Assignment: Copy the data exactly, pictures aside.

Study material:
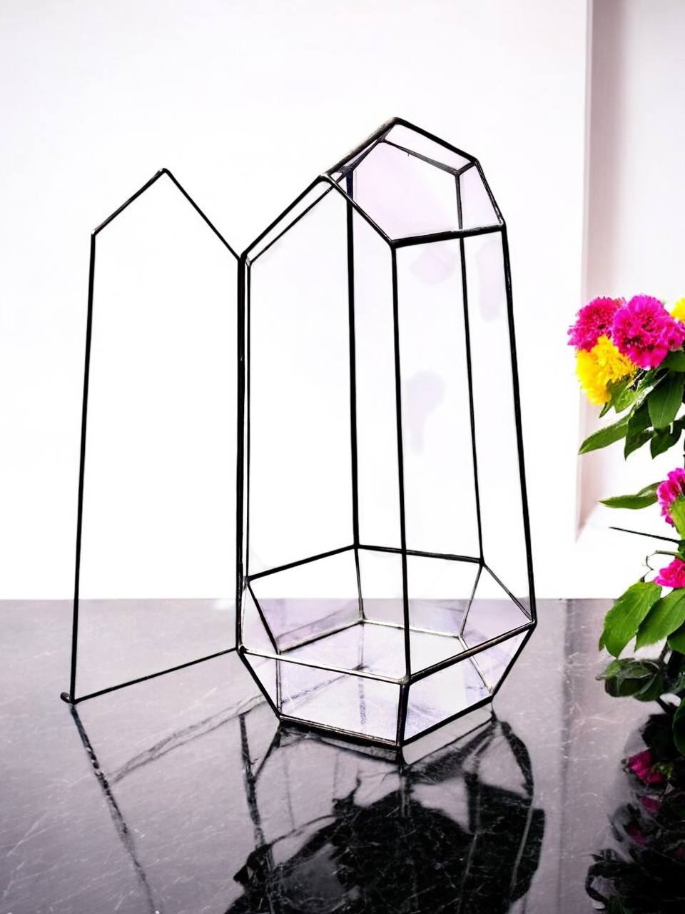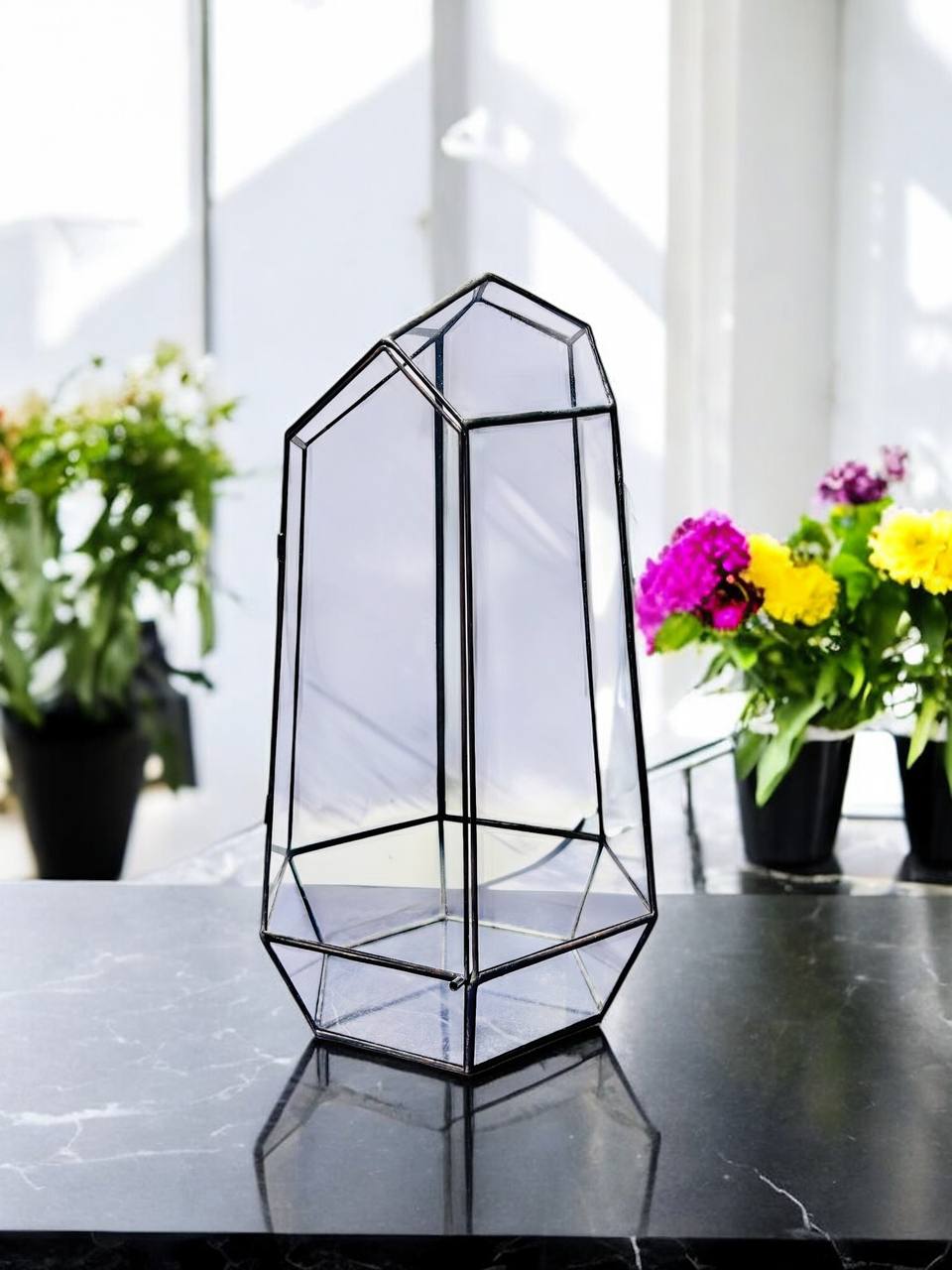 Флораріум виготовлений вручну за технікою Tiffany з преміального італійського скла. Усі елементи з’єднані пайкою металом без використання клею, що забезпечує надійність конструкції та довговічність виробу. Після пайки шви проходять обробку спеціальним захисним засобом від окислення, завдяки чому флораріум зберігає охайний вигляд і благородний блиск з часом. Відкривна конструкція забезпечує зручний доступ до внутрішнього простору, тож флораріум практичний для створення та оновлення композицій.
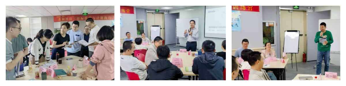 本次培训外聘了专业的组织与人才培养专家进行授课,在培训课程中,摩根娱乐|数字的国内与国际营销中心、产品部等,以及杰拓管理层的各个小伙伴分为五个小组,通过小组讨论、上台发言、随堂测验等互动形式,学习并了解到基于战略目标的组织执行力的重要性,目标设定的SMART原则与时间管理的方法,以及执行力提升的四大动力系统,现场学习氛围活跃,求知欲望强烈。
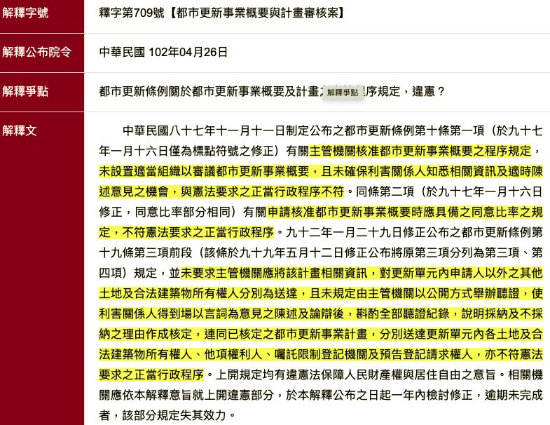 釋字709都市更新事業概要與計畫審核案
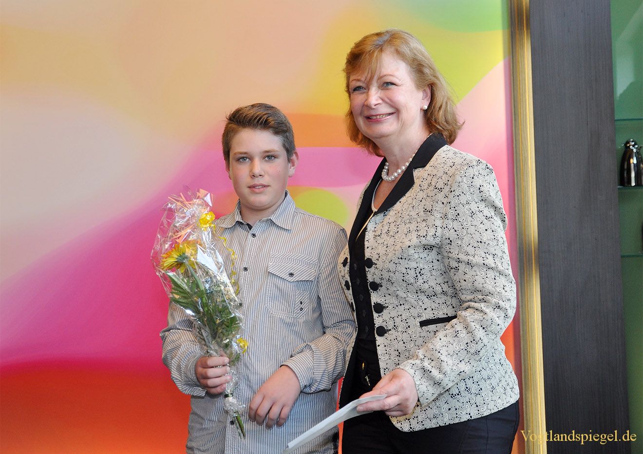Tom Rybka wird von Landrätin Martina Schweinsburg für seine hervorragenden Leistungen geehrt.
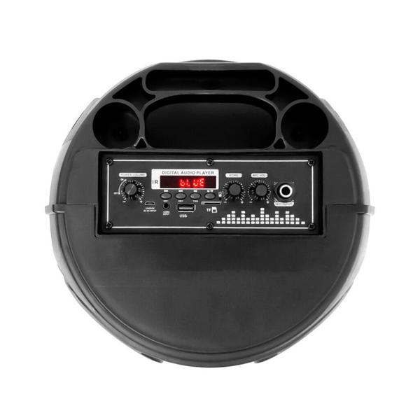 Este parlante de 8” con potencia de 10W es ideal para uso doméstico, reuniones pequeñas o karaoke en familia. Incluye micrófono con cable, control remoto y entradas TF, USB, AUX y MIC de 6,5 mm. Compacto y funcional, listo para acompañarte en cada ocasión.

Task response:
 Флораріум виготовлений вручну за технікою Tiffany з преміального італійського скла. Усі елементи з’єднані пайкою металом без використання клею, що забезпечує надійність конструкції та довговічність виробу. Після пайки шви проходять обробку спеціальним захисним засобом від окислення, завдяки чому флораріум зберігає охайний вигляд і благородний блиск з часом. Відкривна конструкція забезпечує зручний доступ до внутрішнього простору, тож флораріум практичний для створення та оновлення композицій.
 本次培训外聘了专业的组织与人才培养专家进行授课,在培训课程中,摩根娱乐|数字的国内与国际营销中心、产品部等,以及杰拓管理层的各个小伙伴分为五个小组,通过小组讨论、上台发言、随堂测验等互动形式,学习并了解到基于战略目标的组织执行力的重要性,目标设定的SMART原则与时间管理的方法,以及执行力提升的四大动力系统,现场学习氛围活跃,求知欲望强烈。
 釋字709都市更新事業概要與計畫審核案
Tom Rybka wird von Landrätin Martina Schweinsburg für seine hervorragenden Leistungen geehrt.
 Este parlante de 8” con potencia de 10W es ideal para uso doméstico, reuniones pequeñas o karaoke en familia. Incluye micrófono con cable, control remoto y entradas TF, USB, AUX y MIC de 6,5 mm. Compacto y funcional, listo para acompañarte en cada ocasión.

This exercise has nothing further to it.